Depth from a single photo, no stereo rig required
A 2016 paper that still gets cited: predict depth maps from plain RGB using fully convolutional ResNets, with pretrained weights for indoor and outdoor scenes.

What it does
Feed it one ordinary photograph and it estimates how far away each pixel is. The repo ships trained models for two benchmarks—NYU Depth v2 for indoor scenes and Make3D for outdoor—plus a one-liner python predict.py to run inference on your own images.
The interesting bit
The authors treat upsampling as a residual learning problem, not an afterthought. They interleave feature maps instead of using slower deconvolution variants, which in 2016 was enough to beat Eigen & Fergus on NYU by a healthy margin (relative error 0.127 vs 0.158). The TensorFlow port was built by converting Caffe weights with ethereon’s tool—so this is also a snapshot of how research code migrated ecosystems mid-decade.
Key highlights
- Pretrained ResNet-UpProj models in both MatConvNet and TensorFlow formats
- One-command inference via
predict.pywith a.ckptcheckpoint - Evaluation scripts auto-download test data and models (budget ~5 GB disk)

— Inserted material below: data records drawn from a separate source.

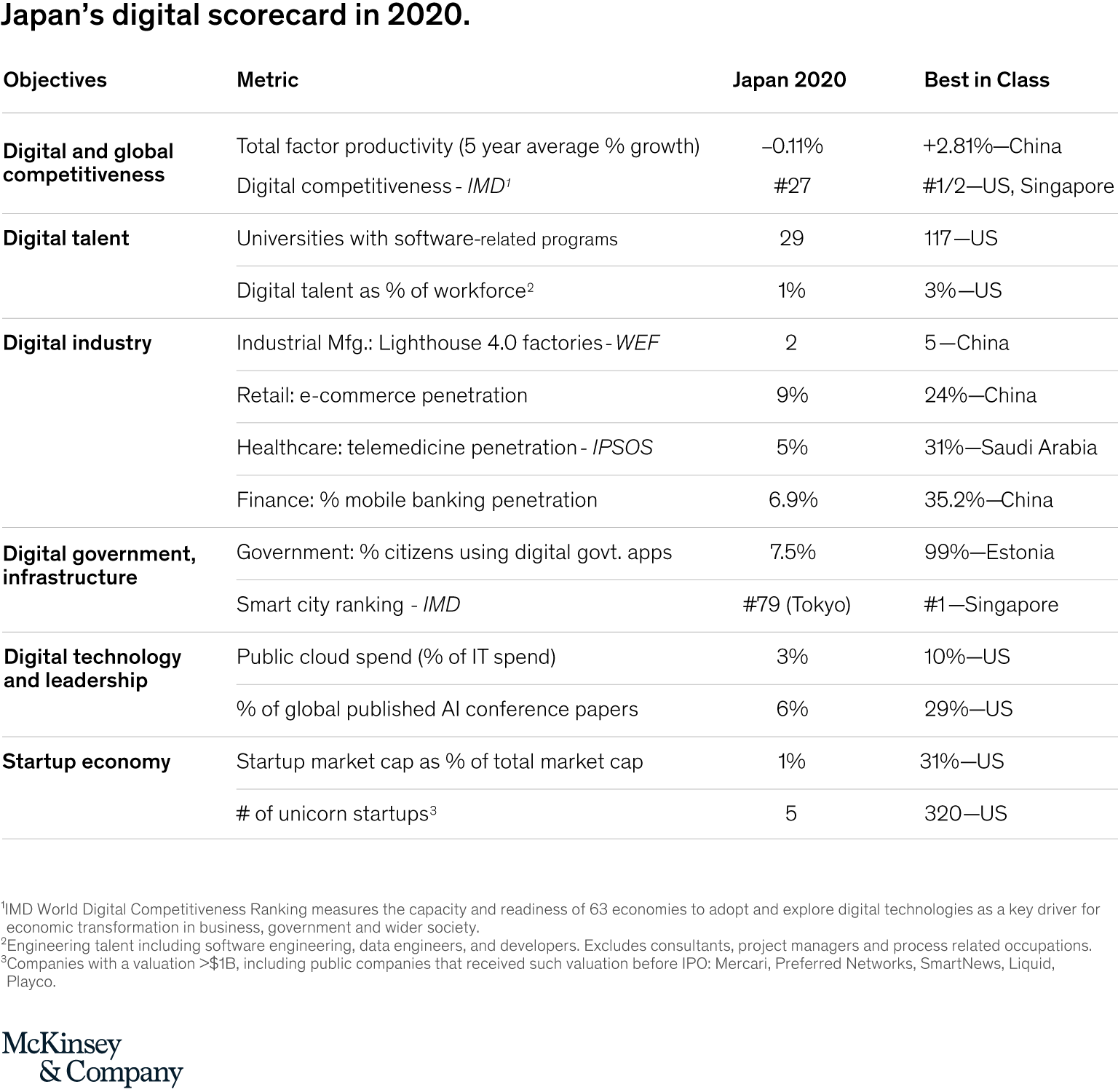 Japan’s relatively low digital competitiveness is in stark and unexpected contrast to the country’s economic strength. In 2020, the country ranked 27th in digital competitiveness and 22nd in digital talent, and it has single-digit penetration in areas such as e-commerce, mobile banking, and digital government-service usage (Exhibit 1). The country has produced just five out of more than 500 unicorn start-ups globally (start-ups with a private or public valuation of more than $1 billion). These metrics fall far short of Japan’s full potential.
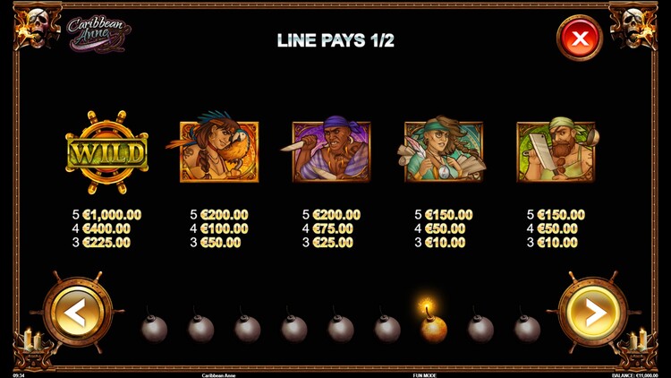 Таблица выплат Caribbean Anne
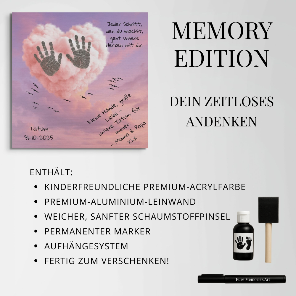 THE MEMORY COLLECTIONENTDECKE DIE MEMORY EDITION — EINE WUNDERSCHÖNE LEINWAND AUS PREMIUM-ALUMINIUM. FÜGE DEINE PERSÖNLICHE NOTE HINZU UND VERWANDLE MOMENTE IN ERINNERUNGEN.
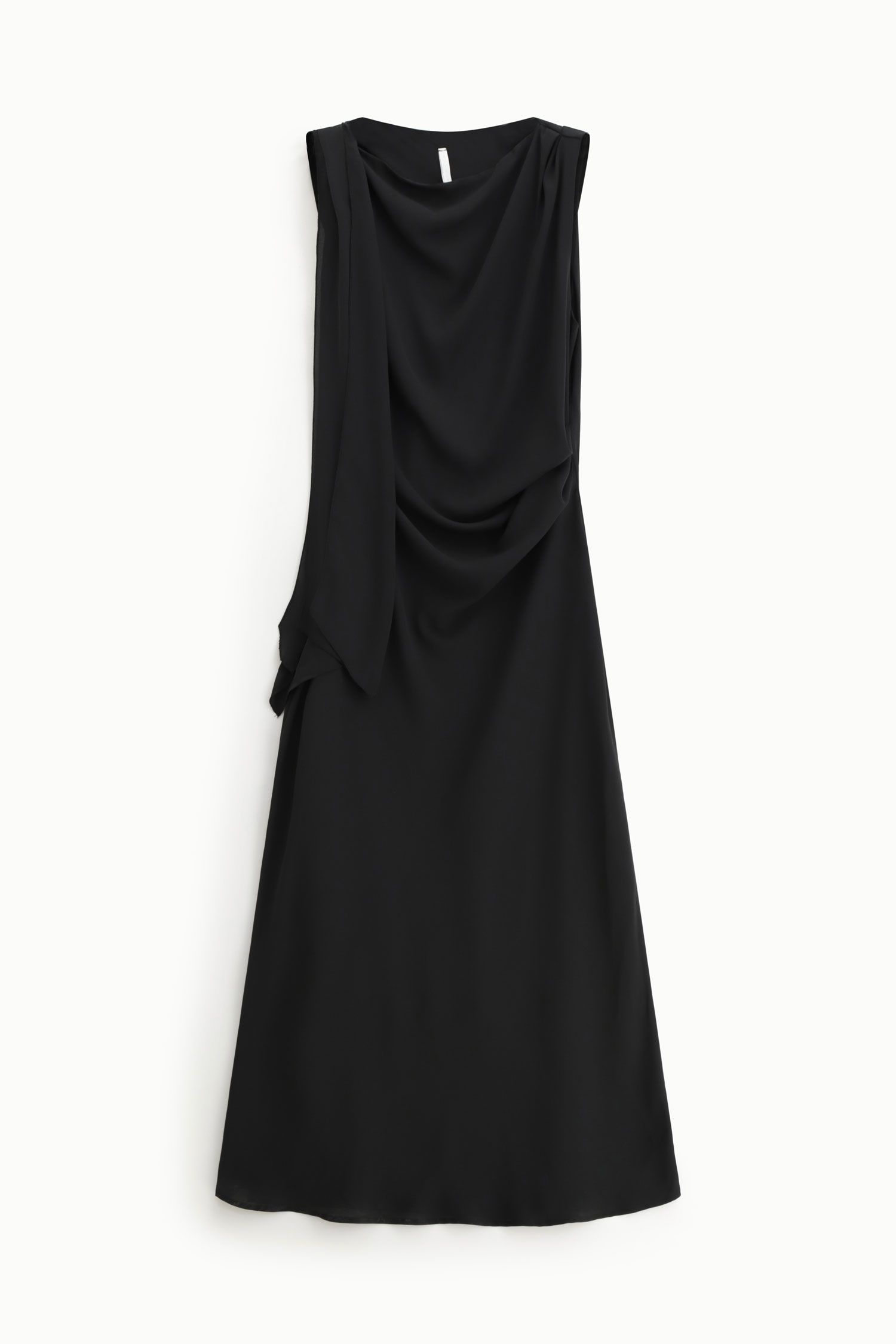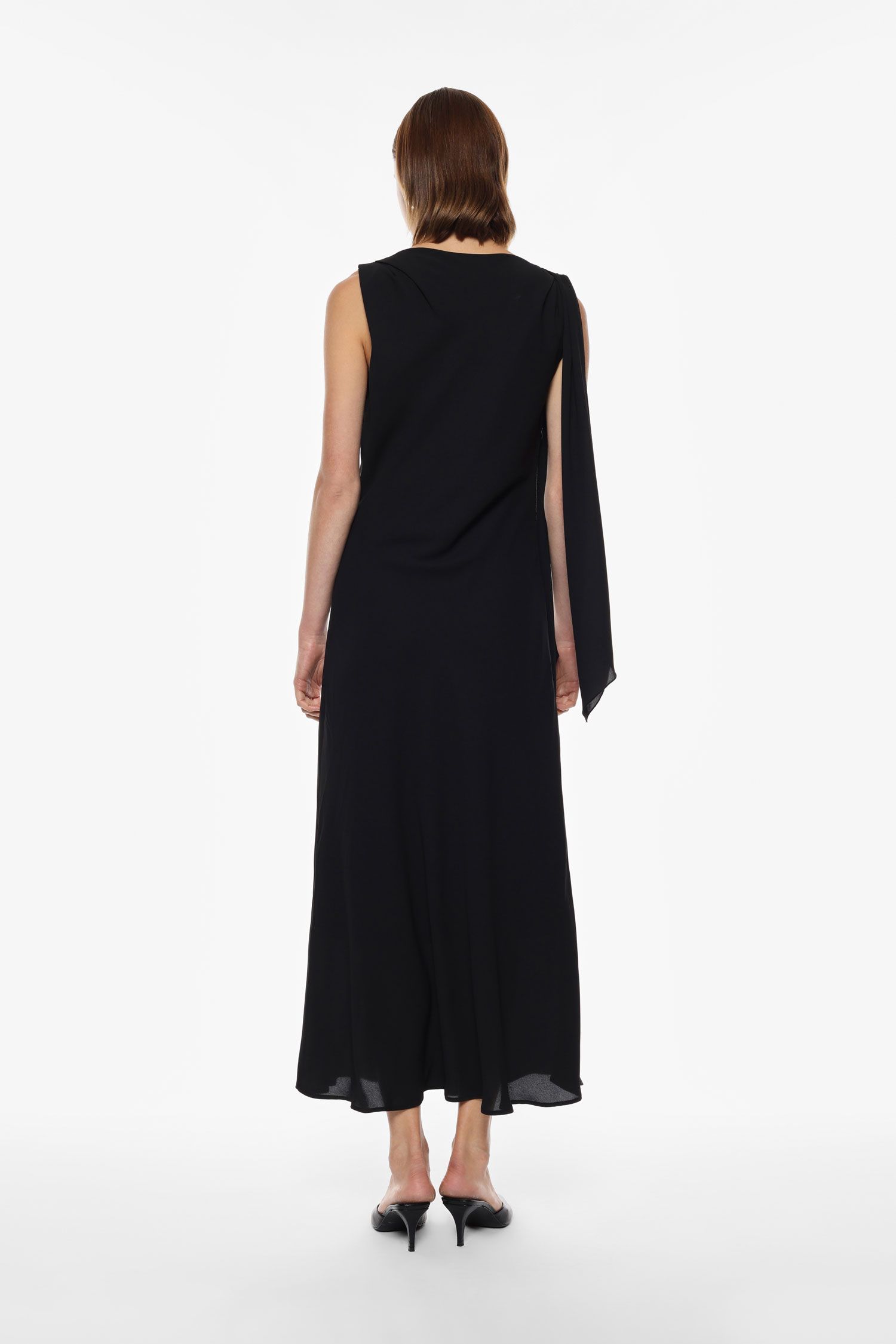 Abito lungo caratterizzato da una manica lunga asimmetrica con apertura che dona dinamismo e movimento al design. Il taglio morbido e lo scollo a barca enfatizzano una silhouette decisa, perfetta per chi ricerca uno stile distintivo e contemporaneo nel proprio guardaroba.
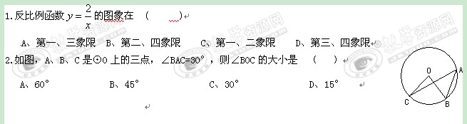 浙江省杭州市余杭区星桥中学2012届九年级上学期期中考试试题(数学)
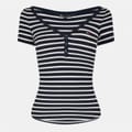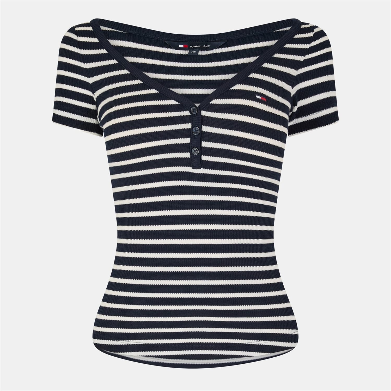 This Tommy Jeans top features a slim fit and a distinctive waffle pattern. It comes with short sleeves and a V-neckline, adding a touch of style. The top is adorned with a subtle logo embellishment, enhancing its appeal. The button closure provides a classic finish, making it a versatile addition to your wardrobe. -
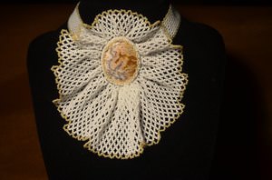 Жабо! Воістину аристократичний аксесуар. Можна сплести його в одну-дві хвилі, а можливо створити пишне хмара з переплетення намистин. Суворе, елегантне жабо, запорука впевненості в собі і своїй привабливості.
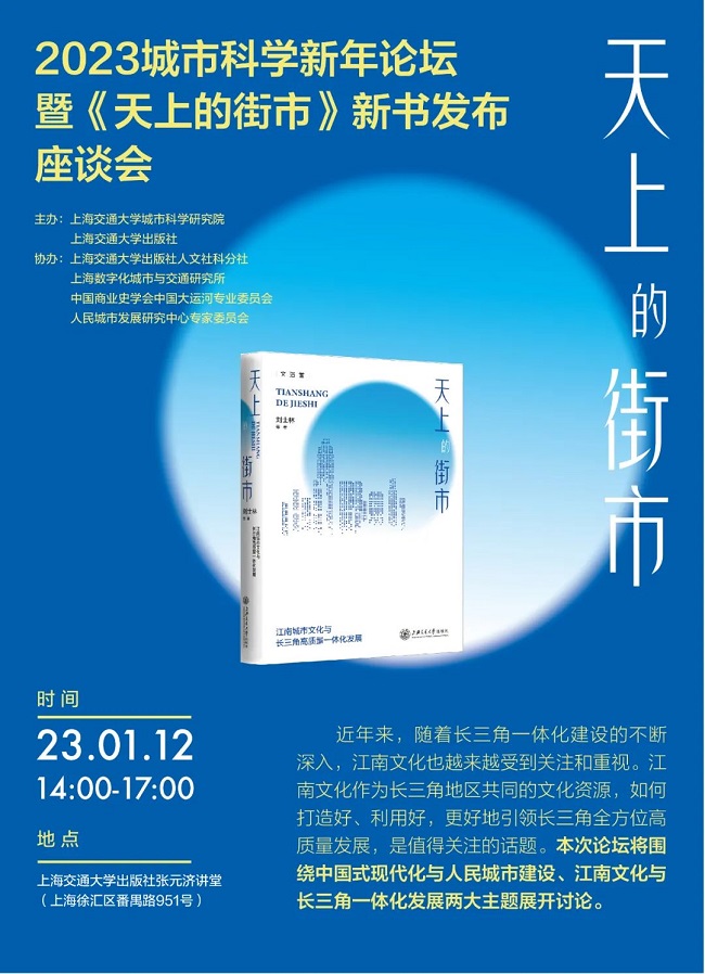 1月12日下午,由上海交通大学城市科学研究院、上海交通大学出版社主办的2023城市科学新年论坛暨《天上的街市》新书发布座谈会将在上海交通大学出版社张元济讲堂举行。

- Quantitative results reported against contemporary CVPR/ICCV methods
- BSD-licensed, with a ready-made BibTeX entry
Caveats
- The Make3D TensorFlow model is marked “(soon)” and, per the README, still is
- MatConvNet path must be hand-edited in
.mfiles before evaluation runs - Code targets 2016-era TensorFlow and MatConvNet 1.0-beta20; modern environments may need coaxing
Verdict
Worth a look if you need a baseline depth predictor or are studying how early FCN papers handled upsampling. Skip it if you want training code, real-time performance, or native PyTorch—the repo is inference-only and the frameworks show their age.